O jornal era o maior do país e o seu gosto pela notícia e principalmente por ter uma certa admiração pelo fundador dele, aquele estágio de meio período seria para ela a oportunidade perfeita de mostrar o seu potencial e aprender com aquele homem que tanto admirava. Coraline, por incrível que pareça não estava atrasada, o que significava que ela estava mesmo empolgada, o que causou estranheza em seus pais.
— Coraline Morton Grant, acordada às 6 da manhã e pronta para faculdade? Eu só posso estar tendo alucinações. — Sidney, pai de Cora, brincou, arrancando uma careta da filha e um olhar de reprovação de sua esposa.
— Isso é o efeito família Scarpelli Callegari, essa menina é obcecada por essa família, que estou começando a pensar que ela fez jornalismo incentivada por eles. — A mulher disse.
— Não é obsessão, mãe. É o que eu quero fazer, jornalismo é o meu sonho, foi o que eu escolhi. E o Jornal Callegari é o melhor lugar para um jornalista iniciar. — Respondeu, indo até o seu pai e lhe dando um beijo no rosto.
— Deixa a garota, Vivian. A Corinha é o meu orgulho, você também deveria se orgulhar de ter uma filha tão talentosa como a nossa, fazendo aquilo que nós não pudemos. — o homem disse abraçado a filha.
— Não adianta, pai. A mamãe nunca vai se orgulhar por eu ter escolhido jornalismo, para ela, foi a mesma coisa que ter entrado para o mundo do crime. — Disse indo até o armário pegando uma caneca azul bebê com estampa de golfinhos, Coraline era apaixonada por golfinhos.
— Eu ainda acho que é uma profissão perigosa. — O homem riu.
— De onde você tirou isso, mulher? O jornalismo é uma profissão muito bonita e eu acho que você deveria tirar essa ideia da sua cabeça, jornalismo é como qualquer outra profissão. — Falou.
— A mamãe só se orgulha da Pandora, a filha perfeita. — Disse comendo um pedaço de bolo.
— Eu nunca disse isso, Coraline. — A mulher respondeu.
— Vocês vão começar a discutir logo cedo. — O homem sentou-se com um pouco de dificuldade.

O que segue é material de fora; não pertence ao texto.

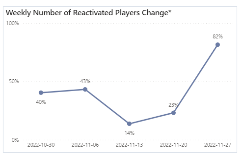 Dormant players join in on the action with a nice uptick of 59% (23% to 82%) in the number of reactivated players (weren’t active last week) globally as the average reactivation rate stands at 3.2%.
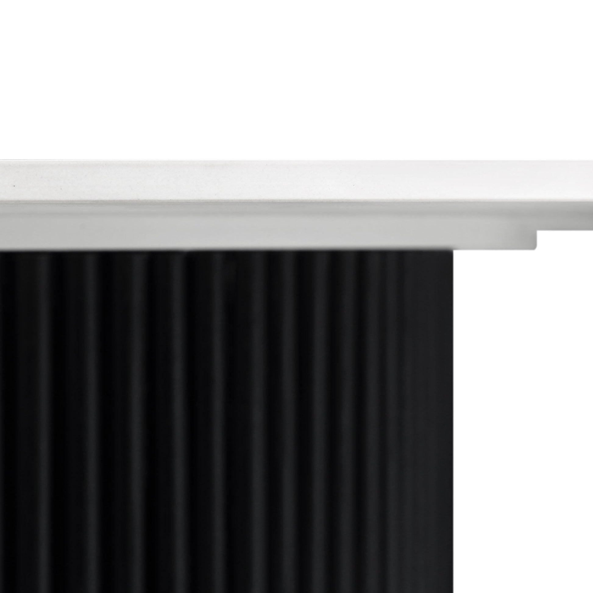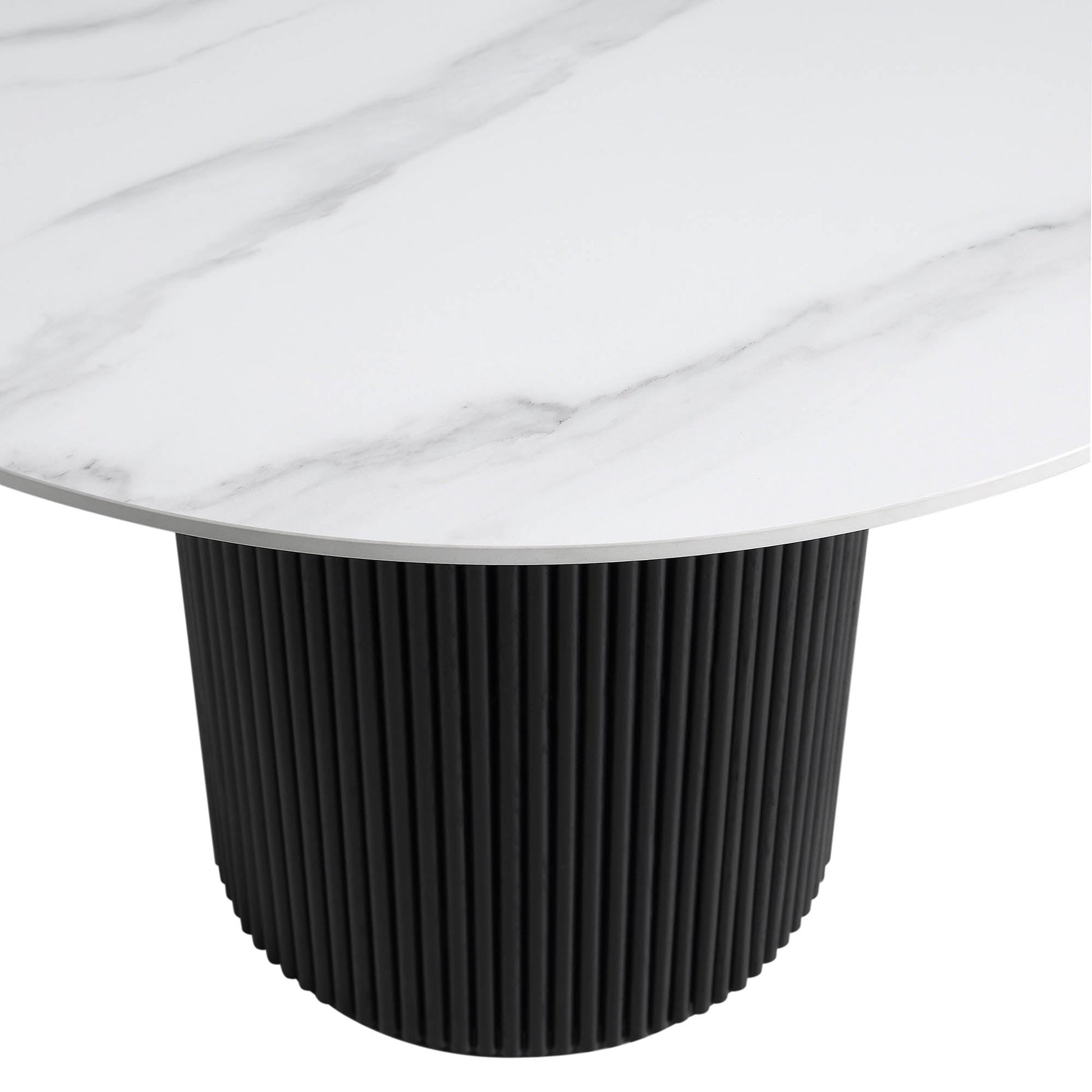 - Notre table à manger Maru très appréciée est désormais disponible en noir avec un design amélioré de base de piédestal cannelé et de plateau de table en céramique.

— Pai, é a sua coluna de novo? — Perguntou a jovem, indo até o pai e o ajudando.
— Sim, eu estou ficando velho, minha menina, as peças já estão enferrujadas. — Brincou.
— Você deixou de tomar os remédios, por isso está sentindo dores, Sidney. — Vivian reclamou. Colocando um prato de ovos mexidos em frente ao marido.
— O senhor não podia ter parado os remédios, pai e nem era para o senhor trabalhar tanto, nenhum de vocês. — Olhou para a sua mãe.
— E quem vai sustentar a casa? As despesas? Como você acha que vamos pagar as contas? — Sidney perguntou à filha com um sorriso singelo.
— E a sua faculdade de jornalismo, como acha que vai ser paga? — Disse Vivian.
— Vivian! — Sidney chamou a atenção de sua esposa.
— Tudo bem, pai. Eu ainda vou dar a vida que vocês merecem e não vão precisar trabalhar mais, muito menos se preocuparem comigo. — Coraline falou, ficando triste por a mãe ter lhe dito aquilo.
— Você só não pode esquecer da minha casa com vista para praia, tudo bem? — Sidney disse sorrindo. O grisalho sempre incentivava a filha a correr atrás de seus objetivos e usava o seu sonho sempre com ela, mesmo que aquilo fosse apenas uma brincadeira.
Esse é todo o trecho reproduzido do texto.